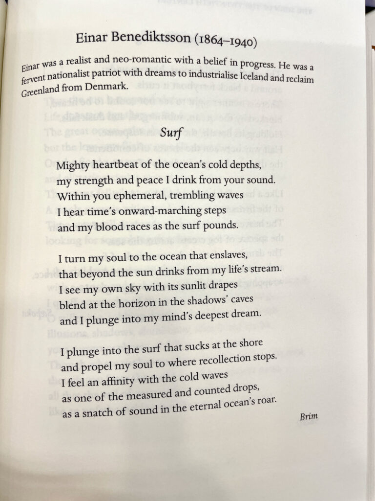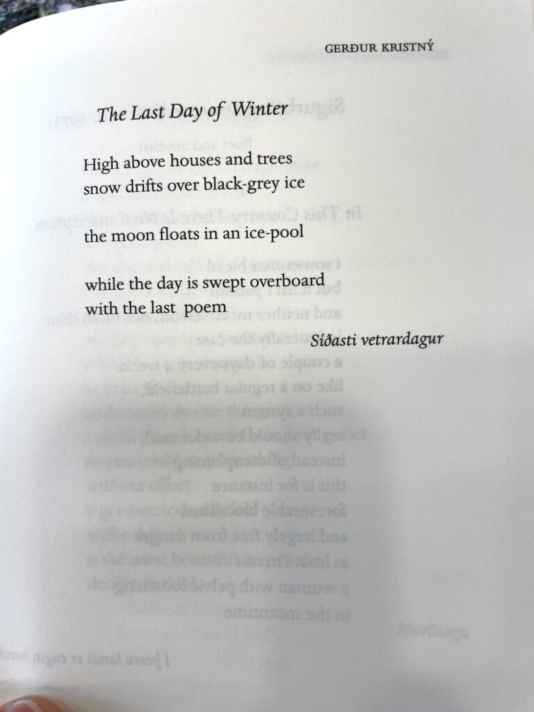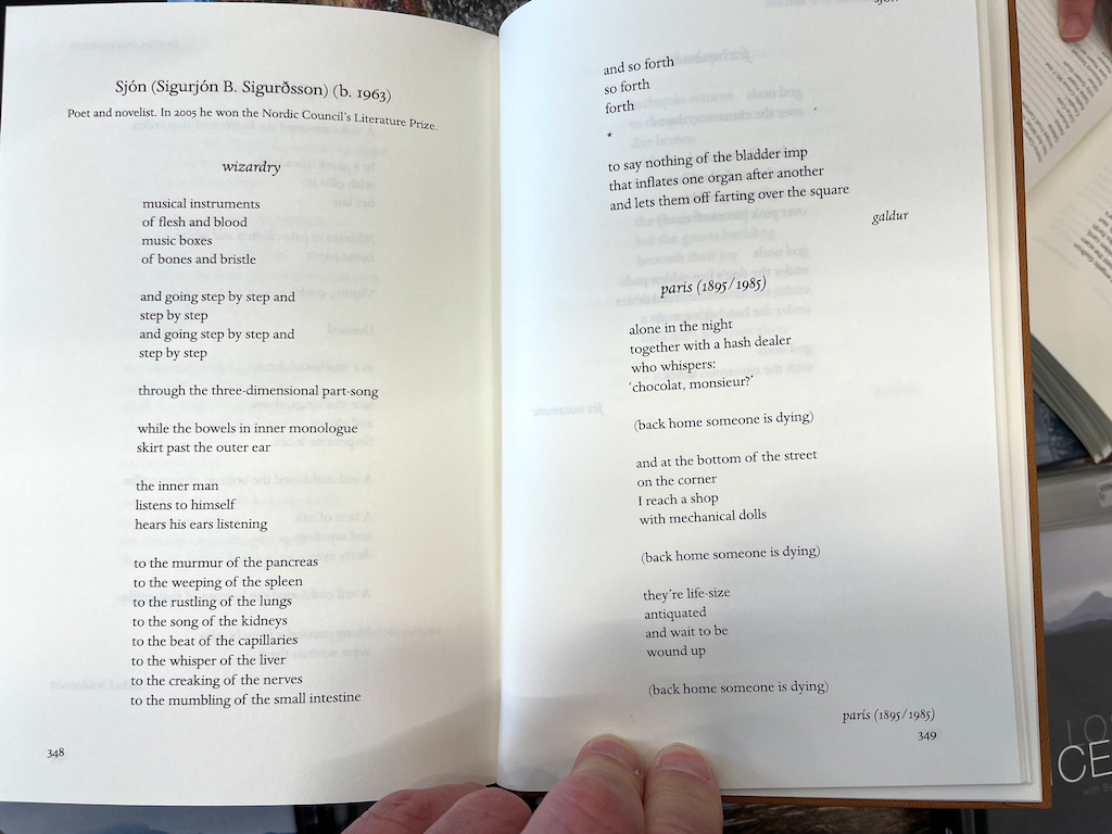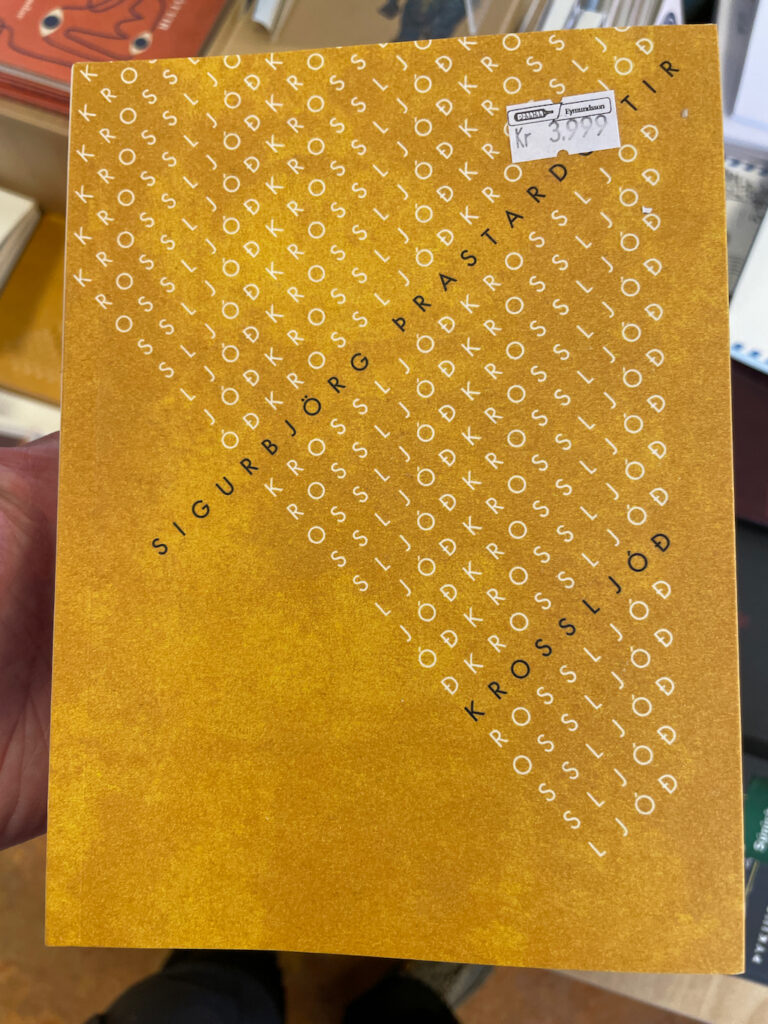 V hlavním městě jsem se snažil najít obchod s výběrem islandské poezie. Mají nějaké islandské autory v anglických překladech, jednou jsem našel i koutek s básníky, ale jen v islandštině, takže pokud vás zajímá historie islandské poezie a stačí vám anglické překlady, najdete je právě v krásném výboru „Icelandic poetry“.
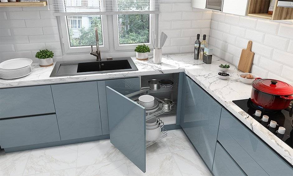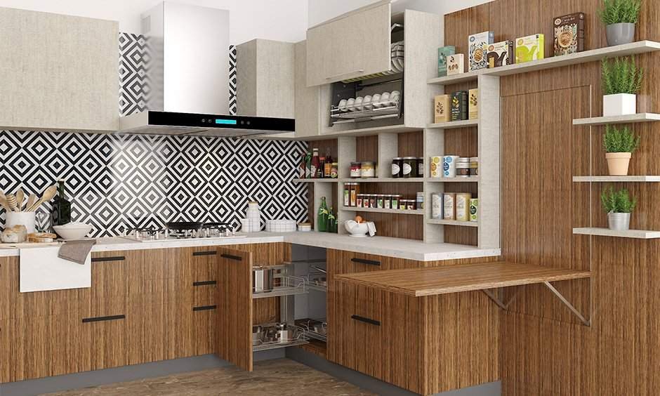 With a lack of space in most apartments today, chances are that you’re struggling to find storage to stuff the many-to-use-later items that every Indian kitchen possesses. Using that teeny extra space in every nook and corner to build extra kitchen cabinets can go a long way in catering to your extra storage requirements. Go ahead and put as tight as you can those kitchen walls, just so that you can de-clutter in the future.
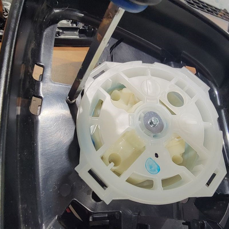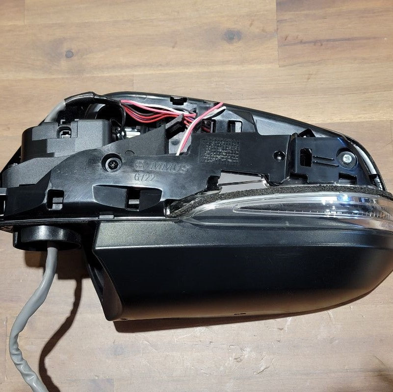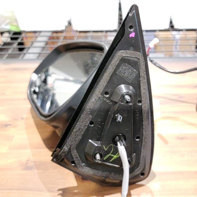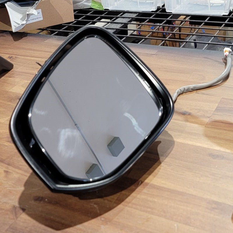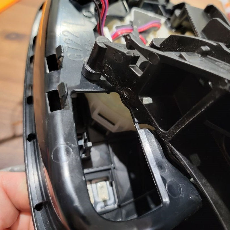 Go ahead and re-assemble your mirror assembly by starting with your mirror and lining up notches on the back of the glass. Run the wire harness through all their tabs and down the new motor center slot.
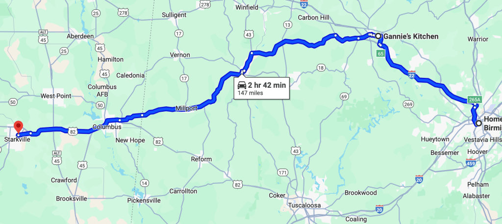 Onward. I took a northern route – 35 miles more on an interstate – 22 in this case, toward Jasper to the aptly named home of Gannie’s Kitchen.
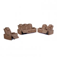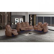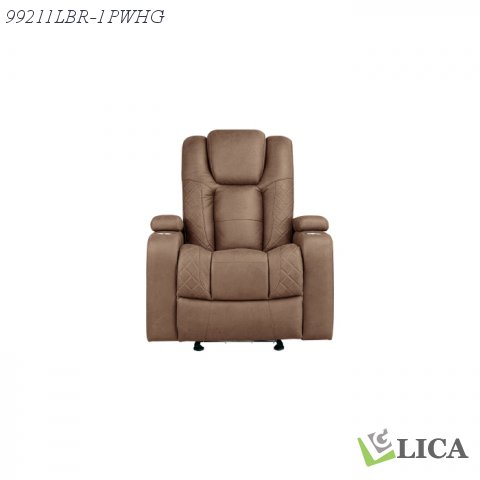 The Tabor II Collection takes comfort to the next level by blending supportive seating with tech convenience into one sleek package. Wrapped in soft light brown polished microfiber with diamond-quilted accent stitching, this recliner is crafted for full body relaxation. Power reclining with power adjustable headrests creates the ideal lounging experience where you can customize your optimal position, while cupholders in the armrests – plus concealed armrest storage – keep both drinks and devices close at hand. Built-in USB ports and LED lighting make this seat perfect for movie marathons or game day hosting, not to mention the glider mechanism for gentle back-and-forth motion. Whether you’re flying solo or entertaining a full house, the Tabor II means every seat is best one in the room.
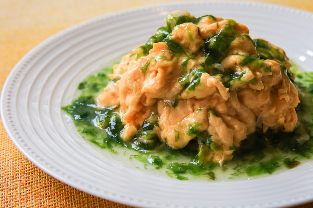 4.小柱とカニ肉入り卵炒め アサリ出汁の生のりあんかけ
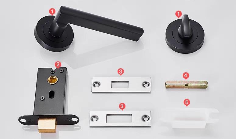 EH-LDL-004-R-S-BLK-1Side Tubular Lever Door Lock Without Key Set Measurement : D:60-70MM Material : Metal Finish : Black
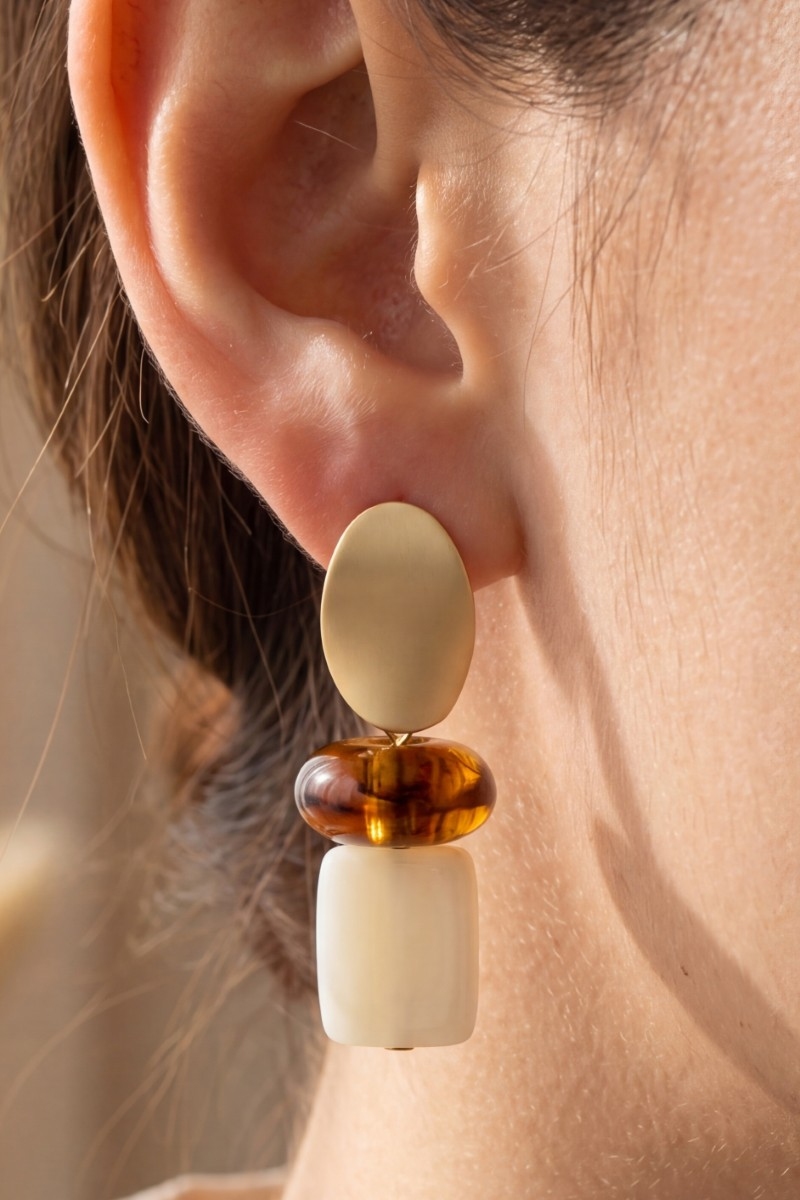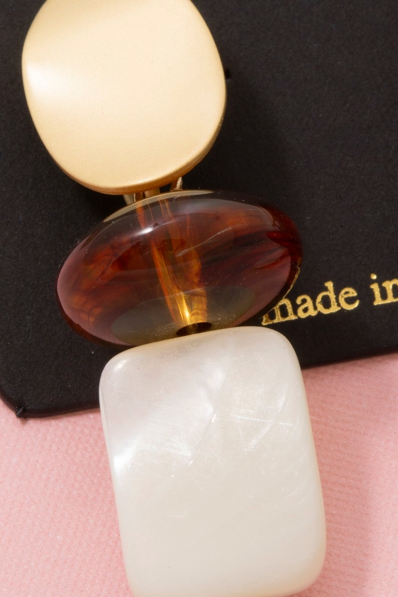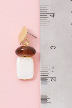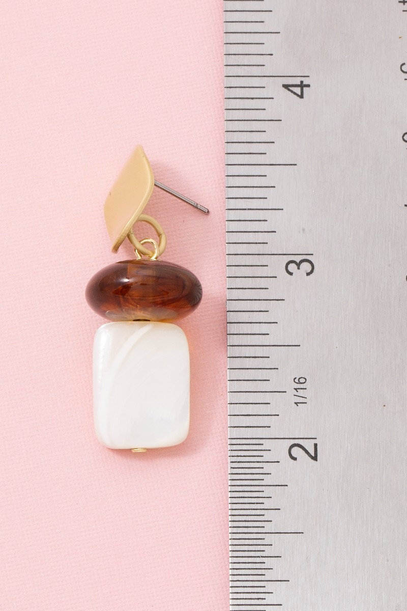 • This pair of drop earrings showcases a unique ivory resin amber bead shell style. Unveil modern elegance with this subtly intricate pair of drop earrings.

**About this task:**
Take the preceding listing and transcribe it exactly, skipping the pictures.

**Task solution:**
 V hlavním městě jsem se snažil najít obchod s výběrem islandské poezie. Mají nějaké islandské autory v anglických překladech, jednou jsem našel i koutek s básníky, ale jen v islandštině, takže pokud vás zajímá historie islandské poezie a stačí vám anglické překlady, najdete je právě v krásném výboru „Icelandic poetry“.
 With a lack of space in most apartments today, chances are that you’re struggling to find storage to stuff the many-to-use-later items that every Indian kitchen possesses. Using that teeny extra space in every nook and corner to build extra kitchen cabinets can go a long way in catering to your extra storage requirements. Go ahead and put as tight as you can those kitchen walls, just so that you can de-clutter in the future.
 Go ahead and re-assemble your mirror assembly by starting with your mirror and lining up notches on the back of the glass. Run the wire harness through all their tabs and down the new motor center slot.
 Onward. I took a northern route – 35 miles more on an interstate – 22 in this case, toward Jasper to the aptly named home of Gannie’s Kitchen.
 The Tabor II Collection takes comfort to the next level by blending supportive seating with tech convenience into one sleek package. Wrapped in soft light brown polished microfiber with diamond-quilted accent stitching, this recliner is crafted for full body relaxation. Power reclining with power adjustable headrests creates the ideal lounging experience where you can customize your optimal position, while cupholders in the armrests – plus concealed armrest storage – keep both drinks and devices close at hand. Built-in USB ports and LED lighting make this seat perfect for movie marathons or game day hosting, not to mention the glider mechanism for gentle back-and-forth motion. Whether you’re flying solo or entertaining a full house, the Tabor II means every seat is best one in the room.
 4.小柱とカニ肉入り卵炒め アサリ出汁の生のりあんかけ
 EH-LDL-004-R-S-BLK-1Side Tubular Lever Door Lock Without Key Set Measurement : D:60-70MM Material : Metal Finish : Black
 • This pair of drop earrings showcases a unique ivory resin amber bead shell style. Unveil modern elegance with this subtly intricate pair of drop earrings.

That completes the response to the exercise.